Putting this together we get:

$E_{p(x)}[f(x)] \approx \frac{\sum_{l=1}^{L} r_{l} \ f(x_{l})}{\sum_{l=1}^{L} r_{l}}$

Why is this important?

If we have some arbitary combination of distributions, we can normally evaluate it proportionally, but computing the normalization constant can be somewhat trickier. This result means we don't need to. We just need to keep track of our samples, and the weights account for the observations so far, so as to converge towards the true distribution.

Reinterpreting Importance-Weighted Autoencoders then extends this slightly to show the implicit distribution that this sampling procedure produces, given L previous samples:

$\hat{p}(x^{*} \mid x_{1},..,x_{L}) = \frac{ r_{l^{*}} }{\frac{1}{L}(\sum_{l=1}^{L} r_{l}) + r_{l^{*}}} q(x^{*})$

This is an unnormalized form, so below I do an empirical normalization for ease of scaling. This is a neat little result because it helps us visualise the convergence of importance sampling, and the connections to the earlier derivation are fairly plain.

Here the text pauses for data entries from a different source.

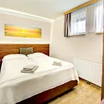 يتكوّن مكان الإقامة من الشرفة ومنطقة الجلوس، ويحتوي على الصالون، فضلاً عن وسائل الراحة الحديثة مثل جهاز التلفزيون وتلفزيون بشاشة مسطحة مع قنوات فضائية. تتميّز الشقة أيضًا بأرضيات مكسوة بالصفائح. تتوفّر أسرّة مع الوسائد الزغبية المضادة للحساسية تحت تصرف الضيوف. يشتمل الحمام على المرحاض المنفصل والدوش، كما تمّ تجهيز الحمام بمجفف الشعر وملاءات الحمام.
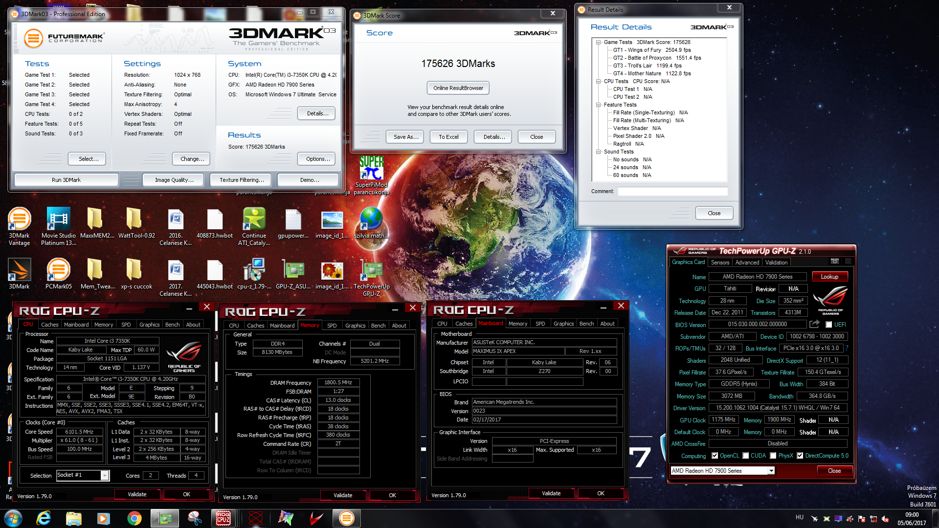 I3 7350K@6100 LN2 MSI L. BE HD7970 gyári hűtés.
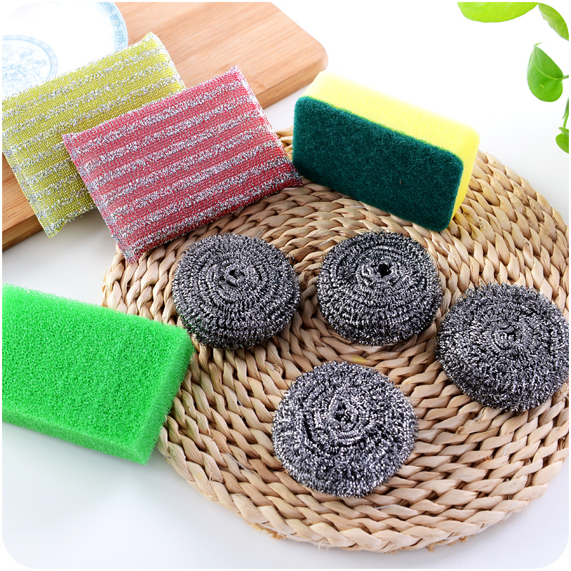 / 廚房鋼絲球不銹鋼鋼絲棉鐵絲球刷鍋洗碗刷子百潔布海綿清潔三件套
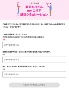 楽天モバイルが提供するmyエリア通信シミュレーションでは、自宅やよく行く場所の住所を入力することで、すぐに楽天モバイルの電波状況をシミュレーションできます。

We just need to consider the special case of $f$ as a delta or indicator function, and then the result is obvious. $I$(x) is a point mass at x (with integral 1), and 0 everywhere else.

$E_{p(x)}[I(x^{*})] = p(x^{*}\mid x_{1},..,x_{L}) = \frac{Z_{p}}{Z_{q}}\int \frac{\tilde{p}(x)}{\tilde{q}(x)}q(x) I(x^{*}) dx = \frac{Z_{p}}{Z_{q}} \frac{\tilde{p}(x^{*})}{\tilde{q}(x^{*})}q(x^{*}) \approx \frac{Z_{p}}{Z_{q}} r_{l^{*}} q(x^{*}) $

Substituting in the formula for the normalisation constant ratio gives the final form above.

In [1]:
import numpy as np
from scipy.stats import norm, uniform, cauchy
import matplotlib.pyplot as plt
%matplotlib inline
In [2]:
def approx_dist(p,q, samples, plot_range):


    pq = p.pdf(samples)/q.pdf(samples)

    w = np.sum(pq)

    n = p.pdf(plot_range)/q.pdf(plot_range)

    ans = p.pdf(plot_range) / ((n+w)/(len(samples)+1))
    ans /= ans.sum()*res
    return ans

p = norm()
q = cauchy()
res = .01
y = np.arange(-5,5, res)
In [3]:
plt.figure()
plt.plot(y, p.pdf(y), label="Truth")
for i in [5,30,50]:
    s = np.random.uniform(-50,50,size=i)
    plt.plot(y, approx_dist(p,q, s, y), label=str(i))
    
plt.legend()
Out[3]:
<matplotlib.legend.Legend at 0x7ffa99170fd0>

This shows how the more samples we draw, the more the distribution converges on the truth. We can show this for a more complex example quite naturally.

In [4]:
def complex_dist(p,q, samples, plot_range):


    pq = p(samples)/q.pdf(samples)

    w = np.sum(pq)

    n = p(plot_range)/q.pdf(plot_range)

    ans = p(plot_range) / ((n+w)/(len(samples)+1))
    ans /= ans.sum()*res
    return ans

p = lambda x: norm.pdf(x, 3, .5)*0.5 + cauchy.pdf(x)*0.5
q = cauchy()
res = .01
y = np.arange(-5,5, res)
In [5]:
plt.figure()
for i in [20,30,50, 1000, 1000000]:
    s = np.random.uniform(-50,50,size=i)
    plt.plot(y, complex_dist(p,q, s, y), label=str(i))
    
plt.legend()
Out[5]:
<matplotlib.legend.Legend at 0x7ffa9907fcc0>

Summary

This post covered the approximate distributions implied by Importance Sampling. As the number of samples increase, this distribution tends towards the true distribution we are attempting to sample from - all without needing the normalization constants for the target distribution.